Existing Survey Data Set and Question Object Documentation

The SurveyDataSet object takes a CSV in its constructor. init() parses every line and builds an OrderedDict containing the questions as keys to a list of data points (values / answers).

Once the data has been parsed into the ordered dictionary, the dictionary is iterated on, creating a list of new Question objects.
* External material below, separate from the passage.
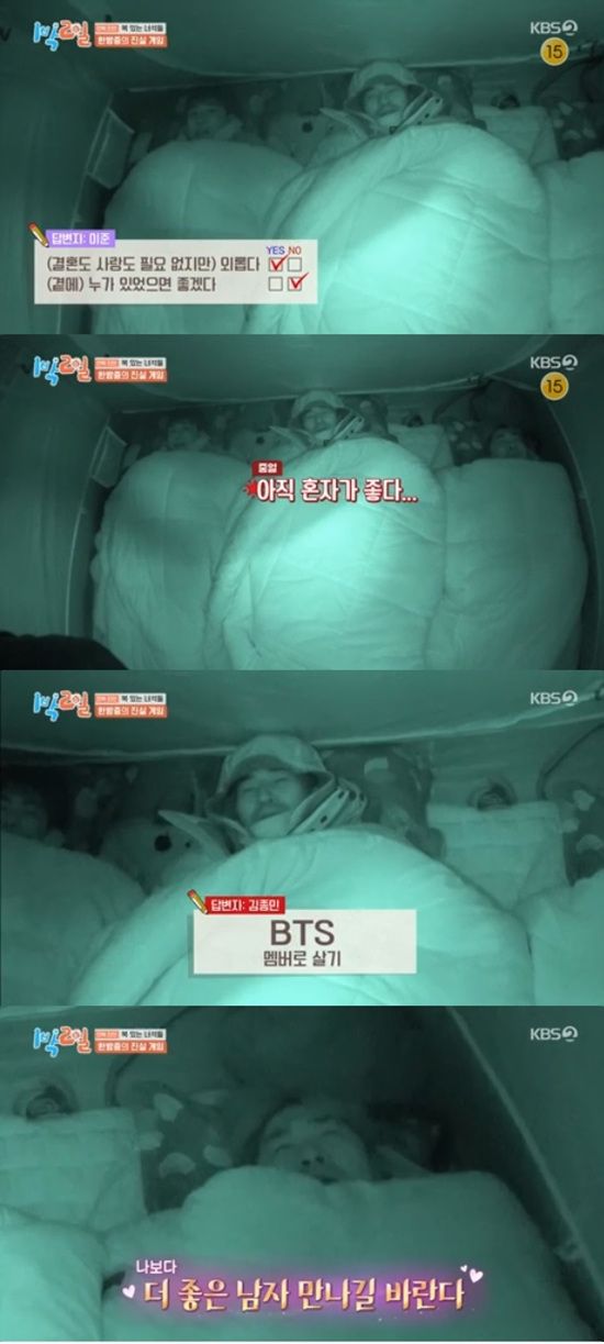 이준은 "외롭다?"는 질문에는 그렇다고 해놓고는 "누가 있었으면 좋겠다?"는 질문에는 "외롭지만 그건 아니다. 아직 혼자가 좋다"고 말했다.

A Question object stores the question name, the results for that question, and a reference to the "parent" SurveyDataSet object.

Pseudocode

foreach survey_result (line in the csv) | O(n)
  foreach question_result (column in the csv) | *O(m)
    build the ordered dictionary (data) | * ((O(1) lookup + O(1) append))
foreach question in ordered dictionary (column in the csv) | O(m)
  create a new question and append it to the member data list | O(1) append

This solution has a time complexity of O(n * m) assuming ordered dictionary and list getters and appends are O(1). (Reference)

  • n = # of rows (results) in the csv
  • m = # of columns (questions) in the csv

Solution Documentation

In order to implement Question.get_conditionals(), we want to pre-compute and store the list of Questions which could be determiners for each Question in the survey.
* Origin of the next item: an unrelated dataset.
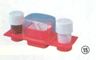 z umělé hmoty pro sůl, pepř a hořčici. Dovoz z NDR. celý popis

Once this data is stored as class member data (self.conditionals), get_conditionals() can be implemented as a simple getter for that data.

Solution Pseudocode

foreach survey_result (line in the csv) | O(n)
  foreach question_result (column in the csv) | *O(m)
    build the ordered dictionary (data) | *((O(1) lookup + O(1) append))
foreach question in ordered dictionary (column in the csv) | O(m)
  get_conditionals(ordered dictionary from first to current element) | *O(m * n)
  create a new question and append it to the member data list | O(1) append

get_conditionals(list of questions): O(m * n)
  if list of results contains no None(s), return | O(n)
  foreach q in dictionary of questions | O(m)
    return if results in q are all the same | O(n)
    conditional_list.append(complement(q, current_q)) | O(n)
  return conditional_list

complement(list_a, list_b) O(n)
  a_null_matches = result matches from `a` which correspond with None items in `b` | O(n)
  comp_a_null_matches = the complement of a_null_matches | O(n)
  if an item from comp_a_null_matches corresponds to every non-None result 
    and does not appear in the a_null_matches list, we have a conditional

This solution has a time complexity of O(m^2 * n) assuming ordered dictionary and list getters and appends are O(1). (Reference)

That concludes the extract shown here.